The problem is that just about every religious person in the world (1) believes what they do because they were told about it by someone else, and (2) believes they've got it one hundred percent right and everyone else is wrong. And, as Richard Dawkins troublingly points out, what people do believe is often a matter of nothing more than geography. I was raised Roman Catholic because I grew up in a French-speaking part of southern Louisiana. If I'd been born to Saudi parents in Riyadh I'd have been Muslim; to Thai parents in Bangkok, I'd likely be Buddhist; to Israeli parents in Tel Aviv, I'd be Jewish; and so on. I'm suspicious of the whole enterprise because, even given the same universe to look at, people all come up with different answers.
And not only are there the ones with lots of adherents, there are countless fringe groups that have spun their own wild takes on how the world works. Some, like the guy in Tennessee who believed that God told him to build the world's biggest treehouse church, are more amusing than dangerous. (For what it's worth, the treehouse church was shut down because it was a poorly-constructed safety hazard, and a month later burned to the ground under mysterious circumstances.) Others, like Jim Jones's People's Temple and the mystical cult that grew up around Carlos Castaneda, are downright deadly. I have to admit the "open-source religion" idea is good at least from the standpoint of throwing the question back on your own intellect rather than saying, "Just believe what the priest/minister/imam/holy man is telling you," but it does leave the possibility open of getting it very, very wrong.
As Susan B. Anthony put it, "I distrust those people who know so well what God wants them to do because I notice it always coincides with their own desires."
Again, as I said earlier, it's not that I'm sure myself. Part of my hesitancy is because I'm so aware of my own capacity for error. Even though I left Catholicism in my twenties and, for the most part, haven't looked back, I have to admit that there's still an attraction there, something about the mystery and ritual of the church of my childhood that keeps me fascinated.
All the baggage that comes with it -- the patriarchalism and sectarianism and misogyny and homophobia -- not so much.

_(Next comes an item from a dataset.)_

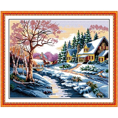 Funchey Stamped Cross Stitch Kits Beginners Full Range of Embroidery Starter Kits for Dream Snowscape

So right now I'll remain a de facto atheist, although in some ways a reluctant one. The idea that the universe has some deeper meaning, that things happen because there's a Grand Plan (even if it is, in Aziraphale's words, "Ineffable"), has undeniable appeal. But if there's one thing I've learned in my sixty-four years, it's that the universe is under no compulsion to arrange itself so as to make me happy.
Or, as my beloved grandma used to say, "Wishin' don't make it so."
This is the first time I've come across the name Aziraphale. I plan to see what I can learn about him. Or her? Or even they?
ReplyDeleteOh my goodness, I had heard that name before (Aziraphale). I read Good Omens but forgot that was the character's name. Silly -- no forgetful -- me!
ReplyDeleteI'm glad you made the connection! Good Omens is such a wonderful story.